::: Exercise data :::

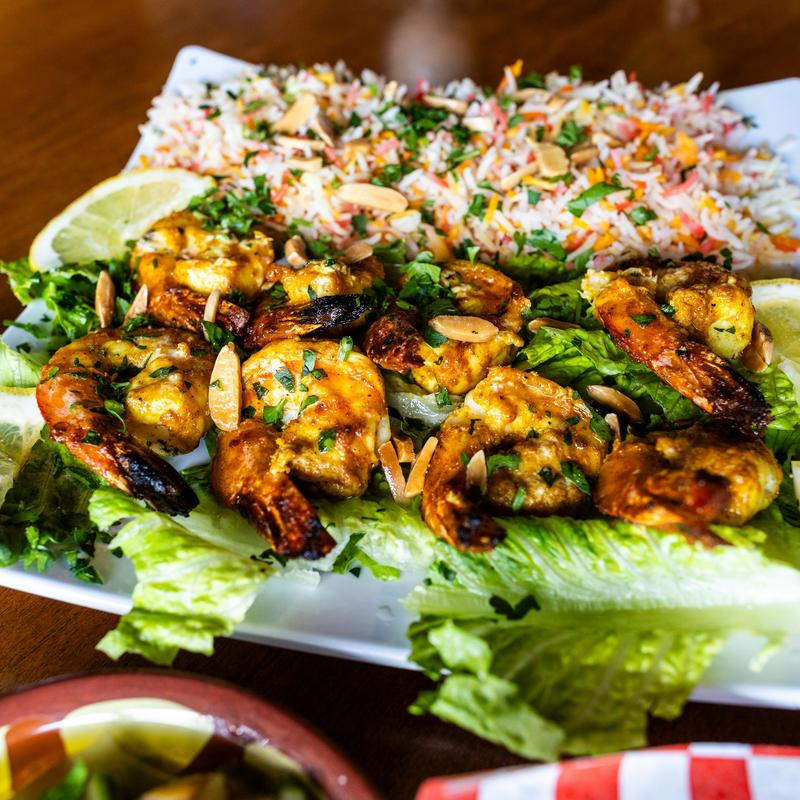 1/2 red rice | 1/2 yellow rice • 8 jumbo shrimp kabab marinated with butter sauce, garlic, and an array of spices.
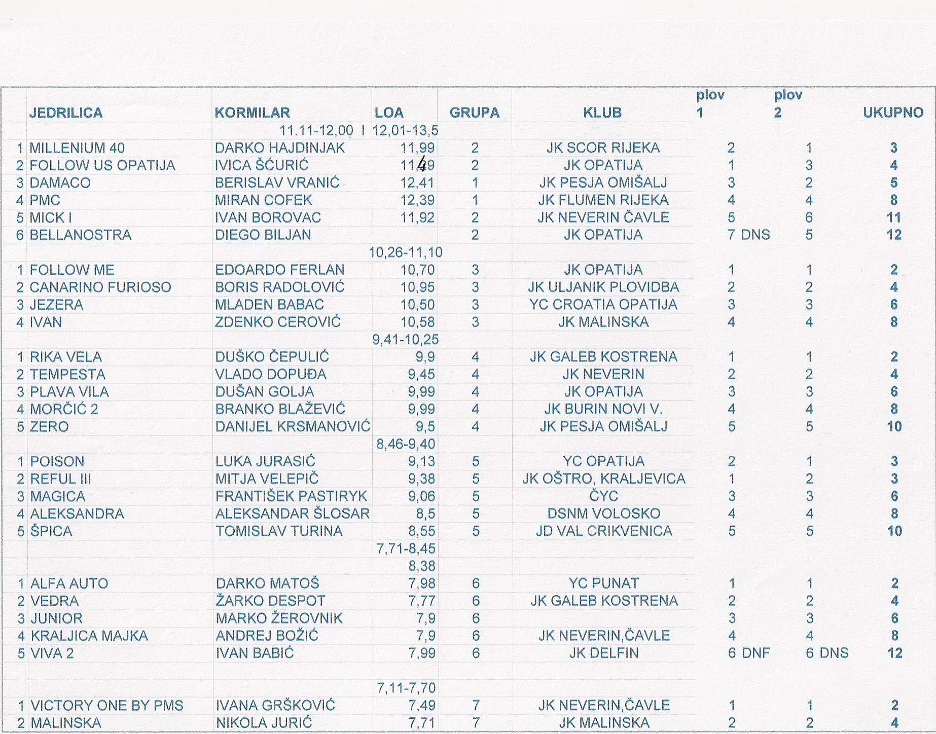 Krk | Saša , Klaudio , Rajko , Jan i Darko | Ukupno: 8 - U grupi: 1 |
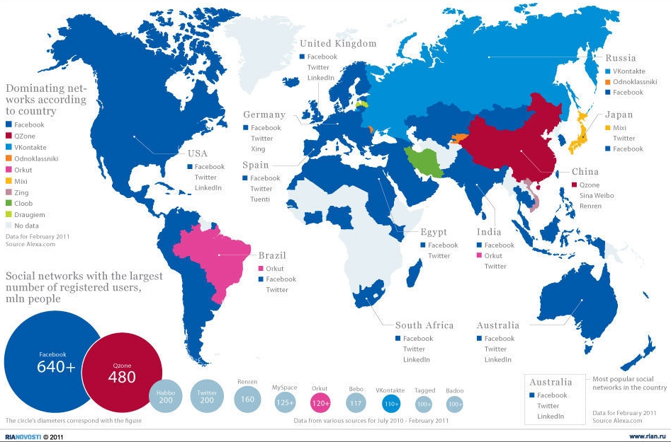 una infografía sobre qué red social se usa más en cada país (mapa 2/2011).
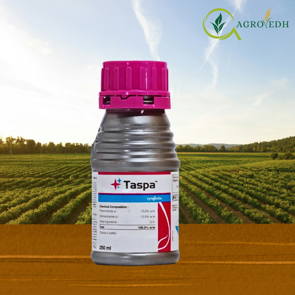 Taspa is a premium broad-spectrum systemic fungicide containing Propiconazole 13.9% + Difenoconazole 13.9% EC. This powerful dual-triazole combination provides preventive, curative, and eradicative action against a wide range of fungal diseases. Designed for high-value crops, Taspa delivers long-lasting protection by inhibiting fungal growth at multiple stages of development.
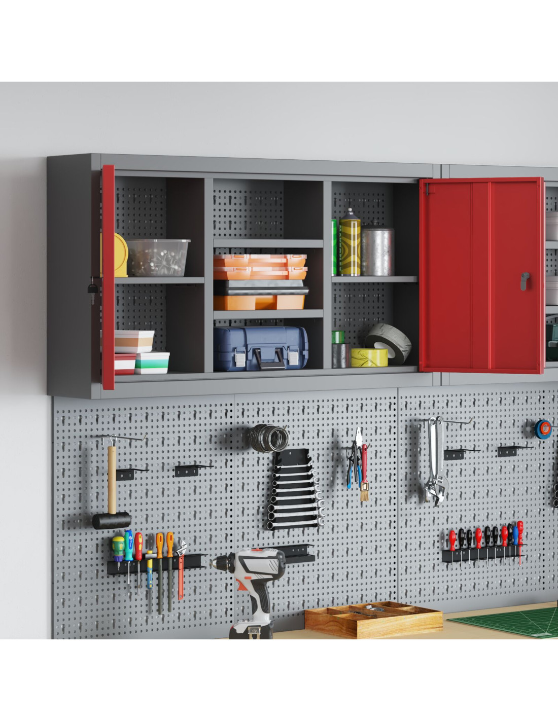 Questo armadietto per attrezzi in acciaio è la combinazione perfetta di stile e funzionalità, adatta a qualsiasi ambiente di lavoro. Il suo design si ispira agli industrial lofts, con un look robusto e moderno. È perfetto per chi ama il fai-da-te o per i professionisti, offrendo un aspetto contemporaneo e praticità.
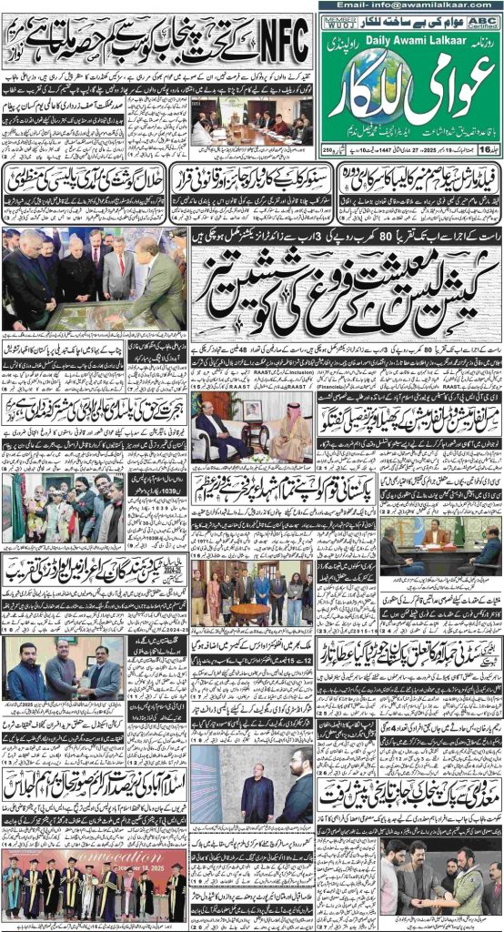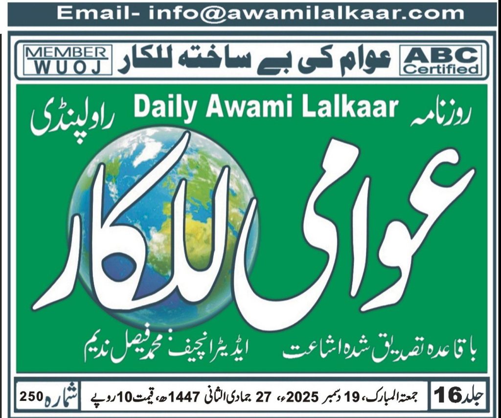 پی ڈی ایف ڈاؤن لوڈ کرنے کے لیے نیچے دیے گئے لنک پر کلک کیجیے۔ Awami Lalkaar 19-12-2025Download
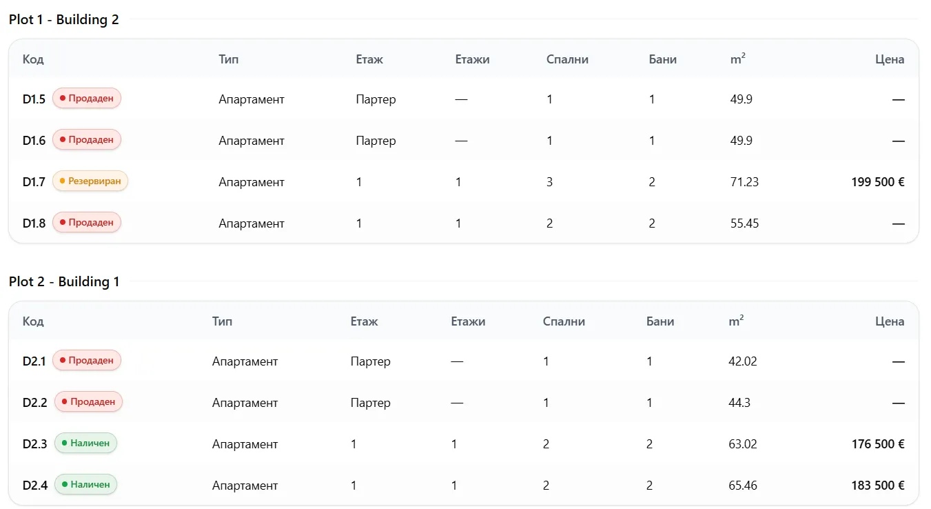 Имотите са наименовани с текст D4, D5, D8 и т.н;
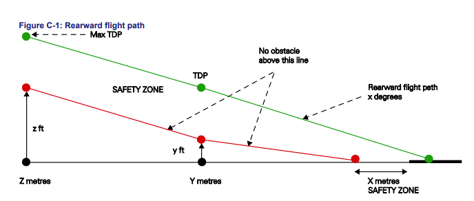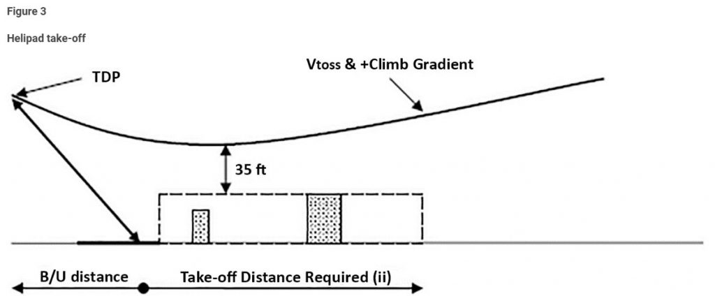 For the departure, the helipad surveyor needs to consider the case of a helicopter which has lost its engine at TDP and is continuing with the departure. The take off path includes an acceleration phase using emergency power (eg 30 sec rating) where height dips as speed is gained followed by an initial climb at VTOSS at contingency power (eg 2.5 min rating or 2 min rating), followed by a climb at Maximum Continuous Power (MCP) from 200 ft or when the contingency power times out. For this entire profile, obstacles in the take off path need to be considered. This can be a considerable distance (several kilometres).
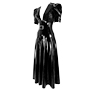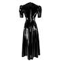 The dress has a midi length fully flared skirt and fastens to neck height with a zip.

:::

■ Task prompt:
Give the lines exactly, from the first line of the entries to the line with "Questo armadietto per", both ends included. Skip the pictures.

■ Solution to this task:
 1/2 red rice | 1/2 yellow rice • 8 jumbo shrimp kabab marinated with butter sauce, garlic, and an array of spices.
 Krk | Saša , Klaudio , Rajko , Jan i Darko | Ukupno: 8 - U grupi: 1 |
 una infografía sobre qué red social se usa más en cada país (mapa 2/2011).
 Taspa is a premium broad-spectrum systemic fungicide containing Propiconazole 13.9% + Difenoconazole 13.9% EC. This powerful dual-triazole combination provides preventive, curative, and eradicative action against a wide range of fungal diseases. Designed for high-value crops, Taspa delivers long-lasting protection by inhibiting fungal growth at multiple stages of development.
 Questo armadietto per attrezzi in acciaio è la combinazione perfetta di stile e funzionalità, adatta a qualsiasi ambiente di lavoro. Il suo design si ispira agli industrial lofts, con un look robusto e moderno. È perfetto per chi ama il fai-da-te o per i professionisti, offrendo un aspetto contemporaneo e praticità.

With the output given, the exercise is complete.